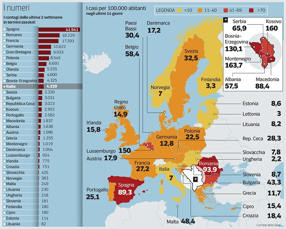 Um infográfico produzido e publicado pelo jornal Corriere della Sera mostra que os casos de Covid-19 registrados na União Europeia estão aumentando de maneira preocupante.
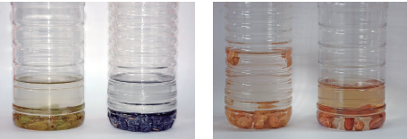 1月20日,记者从市场买来花生和葡萄干做实验。左图:通过10分钟的浸泡,左瓶泡的普通葡萄干和右瓶内泡着黑加仑葡萄干的水都没变色;右图:通过10分钟浸泡,左瓶内泡的普通花生的水没变色,右瓶内泡着红皮花生的水有轻微淡红色。亚心网记者史纪伸实习生朱小辉摄
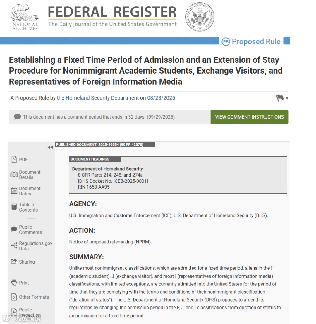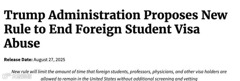 8月28日,美国国土安全部在《联邦公告》中发布了一项拟议新规,计划结束长期沿用的“身份有效期”制度,转而为学生签证、交流访问签证及媒体签证设定固定入境期限。
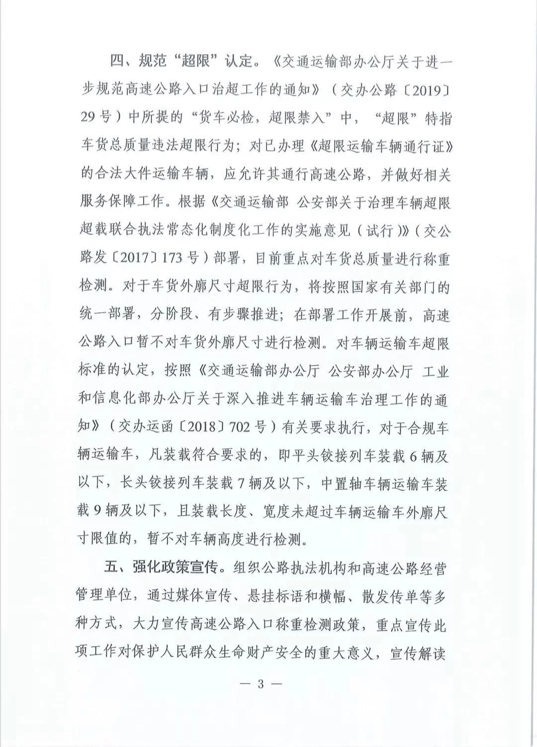 對于車貨外廓尺寸超限行為,將按照國家有關部門的統一部署,分階段、有步驟推進;在部署工作開展前,高速公路入口暫不對車貨外廓尺寸進行檢測。
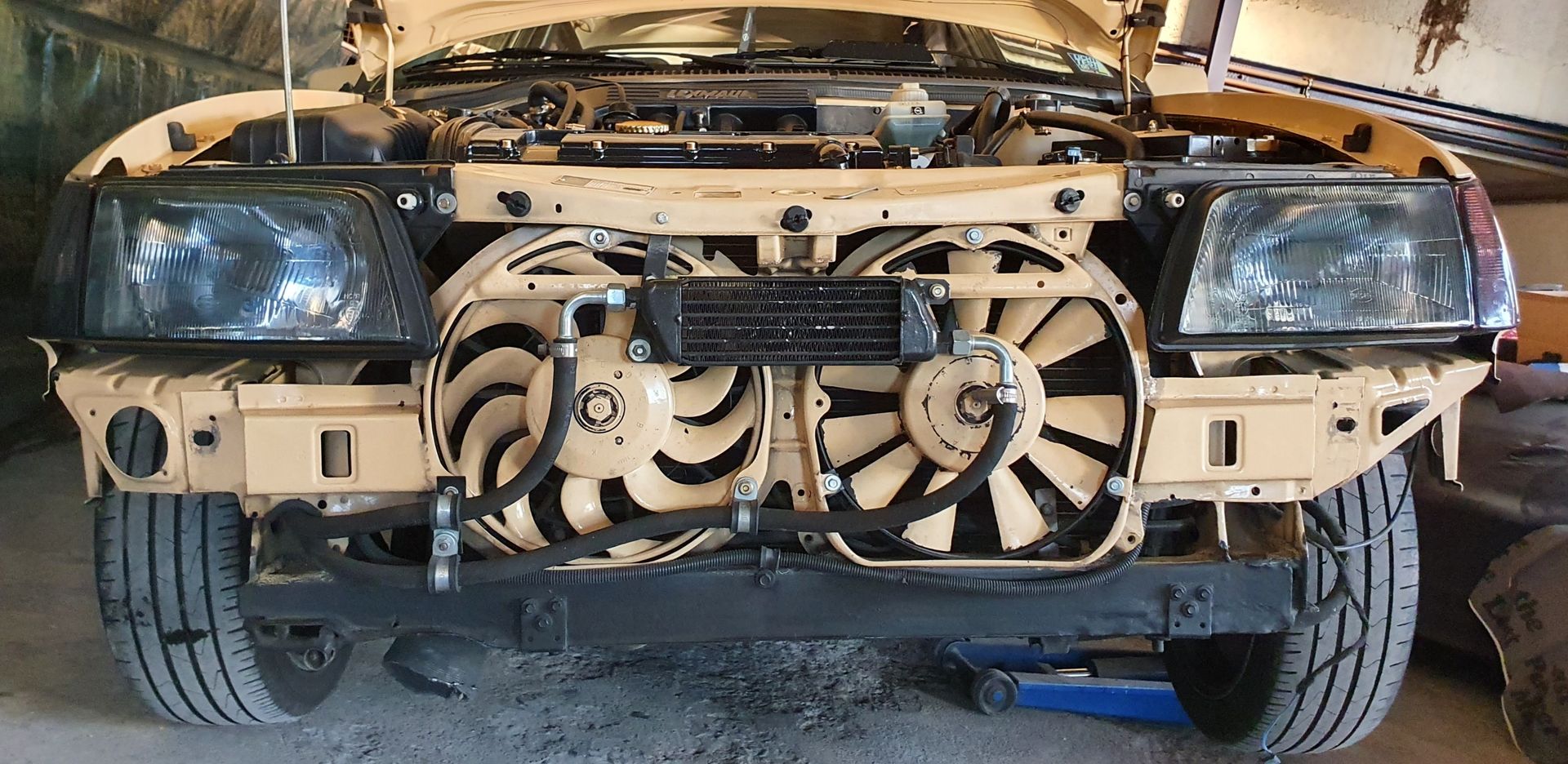 Die Brille hab ich bei meinem Kadett auch verbaut. In erster Linie war die Idee den bzw. die Lüfter VOR den Kühler zu bekommen und den Kühler unter den Schlossträger das man einen grösseren Turbo fahren kann. Aber... dann bekam er doch keinen Turbo. Fahre aber immer noch so auch mit "nur" XE :D PS: Tolle Arbeit die du da machst :thumbup:
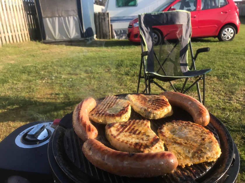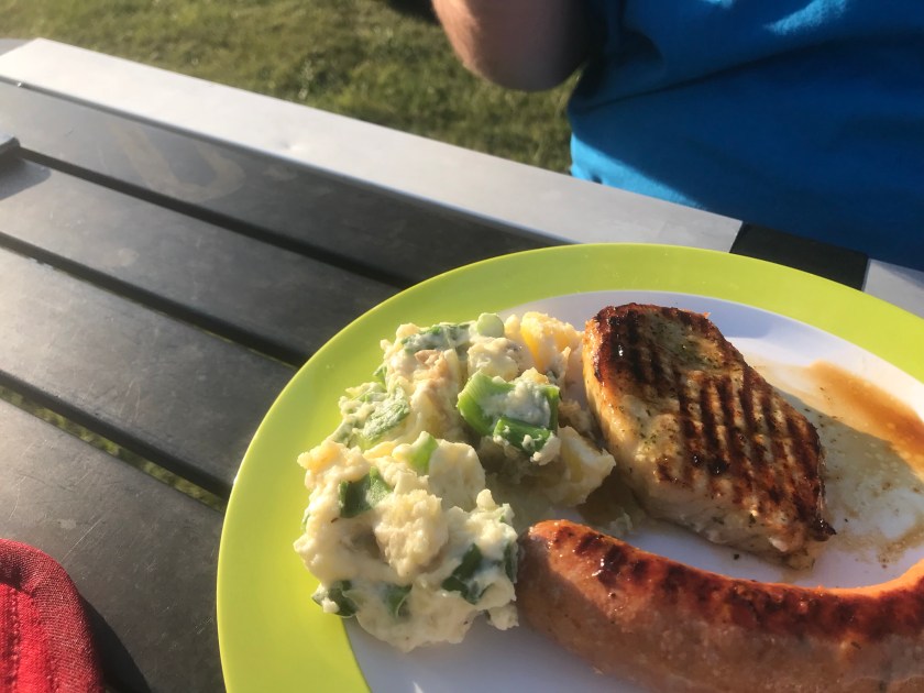 Men så kom vi til sjarmerende Løkken, og Danmark beste og koseligste campingplass 🙂 i følge eierne i alle fall. Rolig og greit! Og grillduften over hele plassen! Danskene er gode på det! På oss ble det marinerte svinekoteletter og litt pølse, og en varm potetsalat.
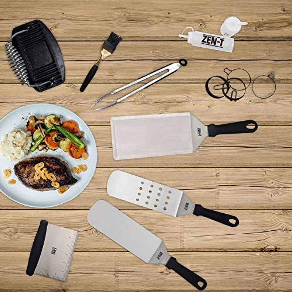 ZEN-T - 14 Piece Grill Griddle BBQ Tool Kit - Heavy Duty Professional Grade Stainless Steel BBQ Tools - Perfect Grilling Utensils for All Your Grilling Needs - Outdoor and Indoor BBQ
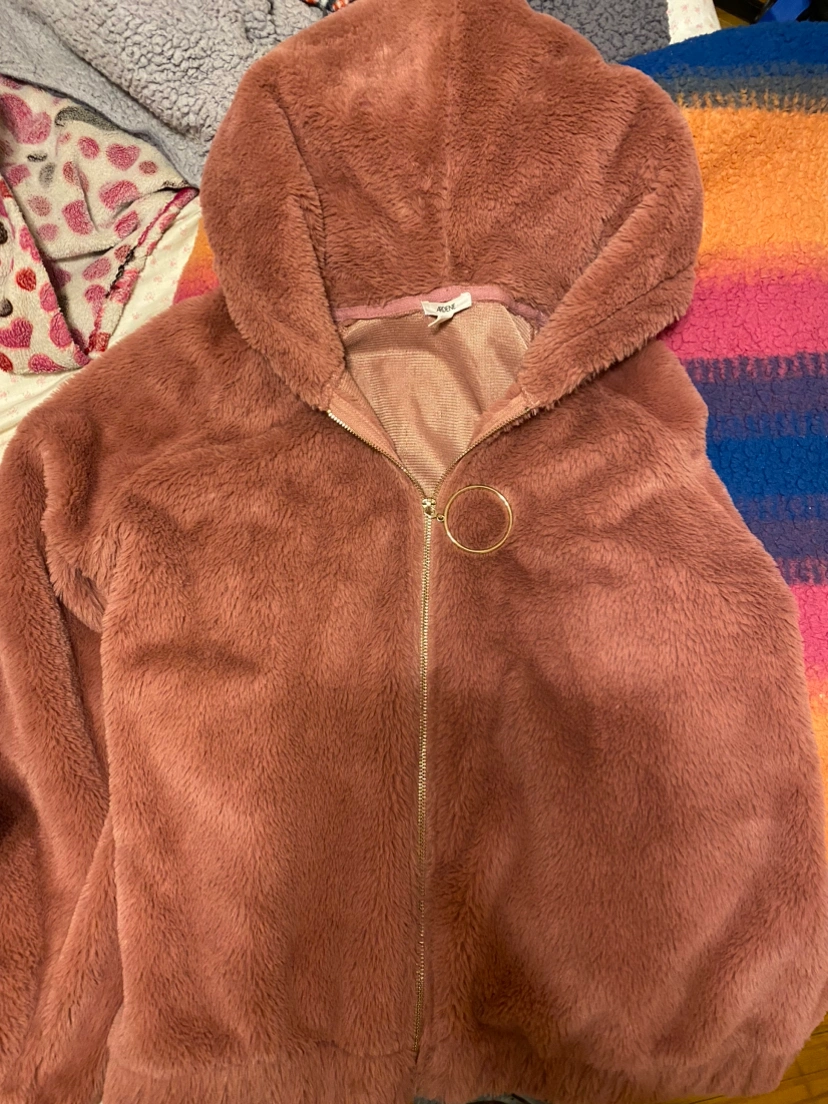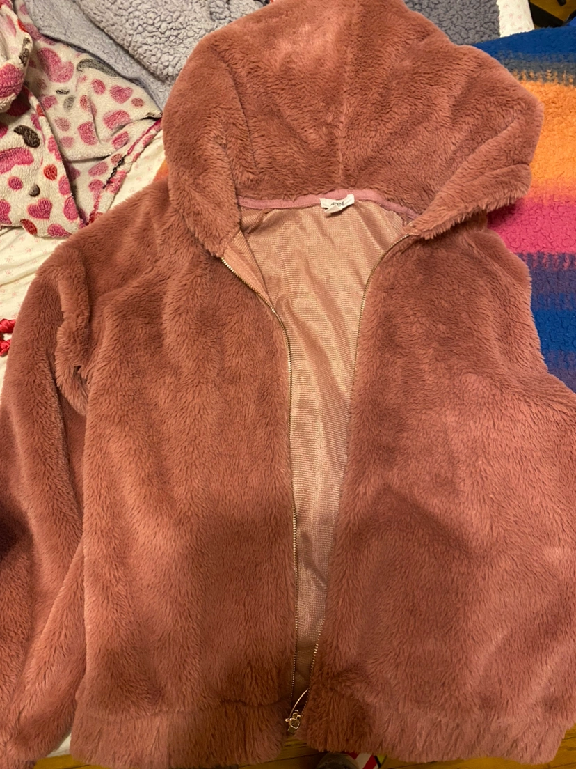 Pink fuzzy jacket, I worn it once, doesn’t really fit me anymore. Is very warm. Size XL.
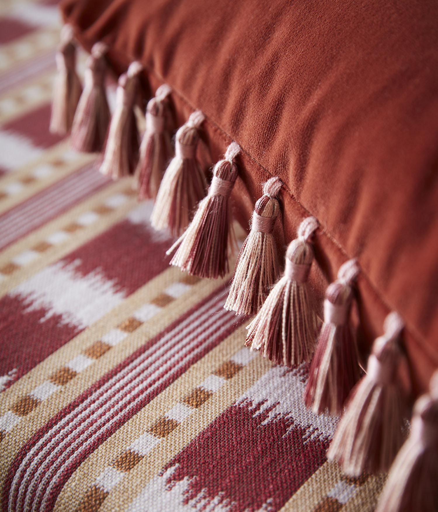 A pretty tassel fringe trim with multi-colour elements set from a subtle zig zag woven heading. The design mixes matt and shiny yarns for extra detail that will enhance edges wherever it is used. Inspired by the howdah or elephant carriage which often has fringed canopy edges.
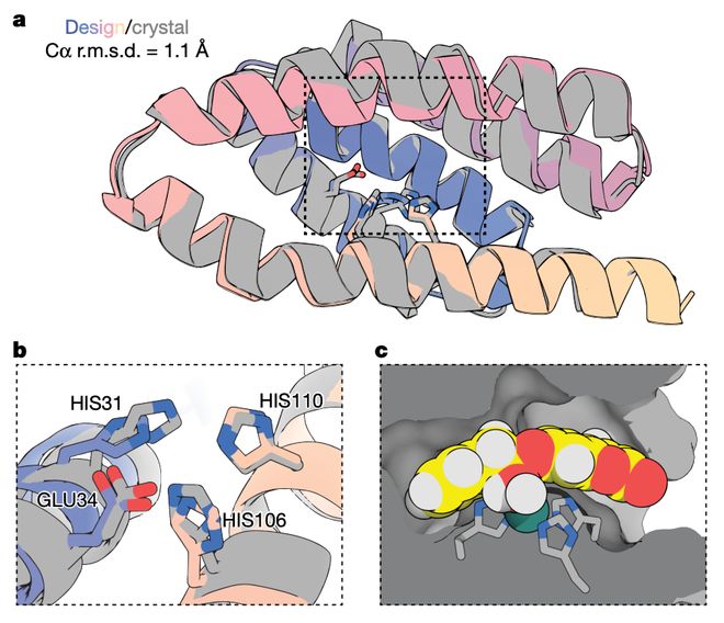金属水解酶(metallohydrolase)是自然界中催化困难水解反应的高手,它们利用金属离子激活水分子,切断底物分子中的化学键。设计这样的酶对降解人造环境污染物至关重要。
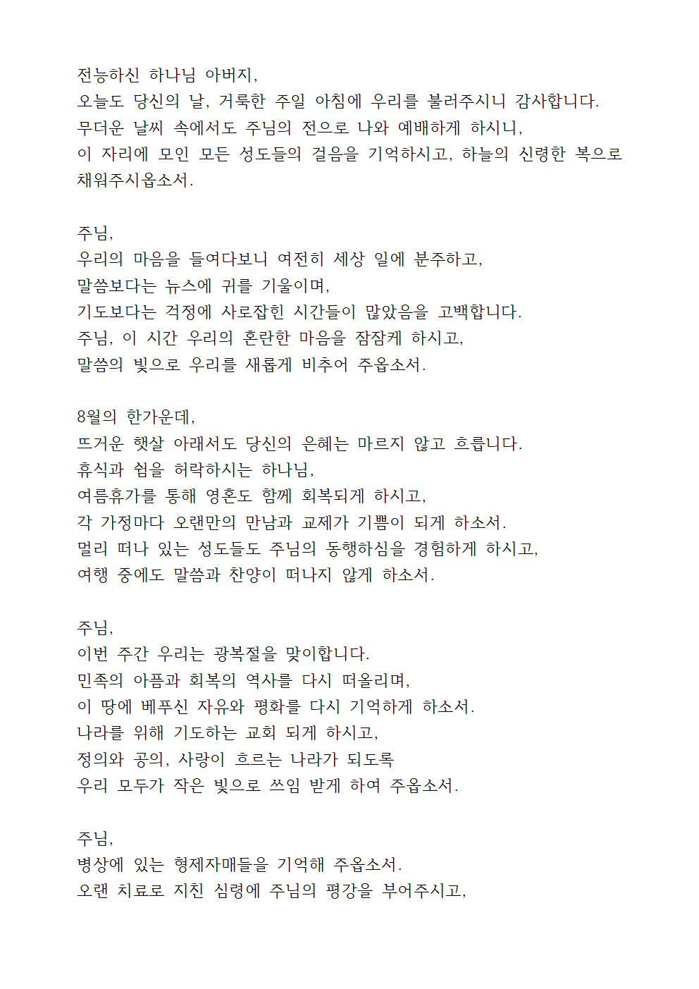 이번 글에서는 8월 둘째주일 대표기도문을 안내해 드리겠습니다.
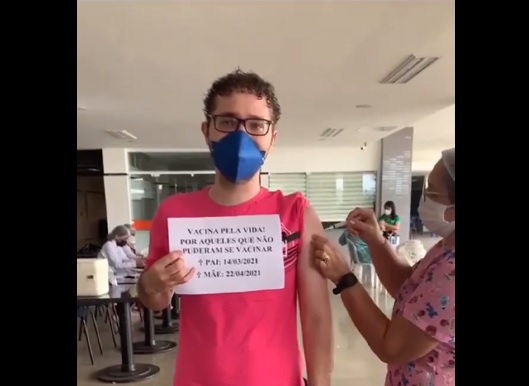 Deusuilson Filho, de 23 anos, emocionou internautas ao levar um cartaz no momento de receber a tão esperada vacina contra Covid-19. No texto, ele lembra dos pais que morreram vítimas da doença: vacina pela vida! Por aqueles que não puderam se vacinar.
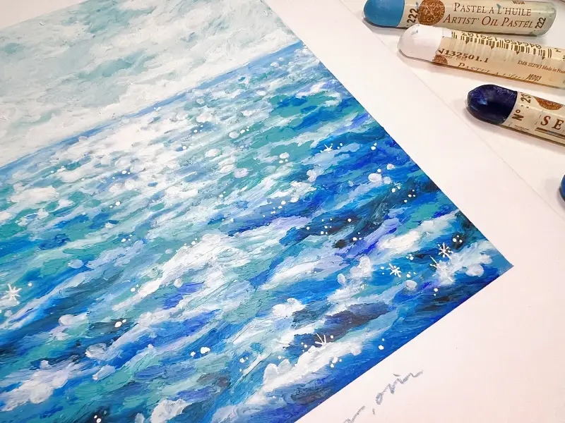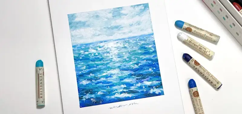 시넬리에 오일파스텔로 그린 반짝이는 바다
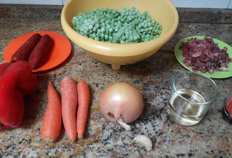 Veréis a continuación que los ingredientes son los mismos para ambas recetas y nosotros le añadimos unos ligeros toques, como es que le ponemos chorizo, medio vaso de vino blanco y un chorrito de salsa de soja.
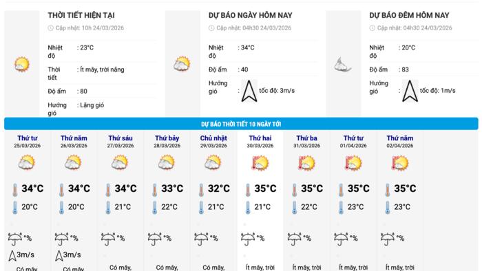 Dự báo thời tiết khu vực này có mây, chiều tối và đêm có mưa rào và dông vài nơi, ngày nắng nóng, gió nhẹ. Trong mưa dông có khả năng xảy ra lốc, sét, mưa đá và gió giật mạnh.
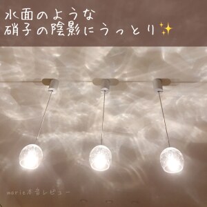 電気をつけると天井いっぱいに水面のような陰影が浮かび上がるペンダントライト🦢✨好きすぎてペンダントタイプをダイニングに3灯、ブラケットタイプを階段に設置しました。下の子、抱っこすると手を伸ばして照明をタッチ、光がユラユラするのを楽しんでます。 ◎ 光と影の雰囲気が堪りません。写真では伝えきれない! ◎日中、明かりをつけていない時も、ガラスの凹凸が美しくていい感じです。 ◎ガラスの質感が好きな方にはおすすめ!入居後5年経ちましたが今でも毎日見ると気分が上がる一品です

* * * *

Exactly as written, repeat the lines of the material above from the first through the line holding "Die Brille hab", with both ends in the copy and no pictures.

 Um infográfico produzido e publicado pelo jornal Corriere della Sera mostra que os casos de Covid-19 registrados na União Europeia estão aumentando de maneira preocupante.
 1月20日,记者从市场买来花生和葡萄干做实验。左图:通过10分钟的浸泡,左瓶泡的普通葡萄干和右瓶内泡着黑加仑葡萄干的水都没变色;右图:通过10分钟浸泡,左瓶内泡的普通花生的水没变色,右瓶内泡着红皮花生的水有轻微淡红色。亚心网记者史纪伸实习生朱小辉摄
 8月28日,美国国土安全部在《联邦公告》中发布了一项拟议新规,计划结束长期沿用的“身份有效期”制度,转而为学生签证、交流访问签证及媒体签证设定固定入境期限。
 對于車貨外廓尺寸超限行為,將按照國家有關部門的統一部署,分階段、有步驟推進;在部署工作開展前,高速公路入口暫不對車貨外廓尺寸進行檢測。
 Die Brille hab ich bei meinem Kadett auch verbaut. In erster Linie war die Idee den bzw. die Lüfter VOR den Kühler zu bekommen und den Kühler unter den Schlossträger das man einen grösseren Turbo fahren kann. Aber... dann bekam er doch keinen Turbo. Fahre aber immer noch so auch mit "nur" XE :D PS: Tolle Arbeit die du da machst :thumbup:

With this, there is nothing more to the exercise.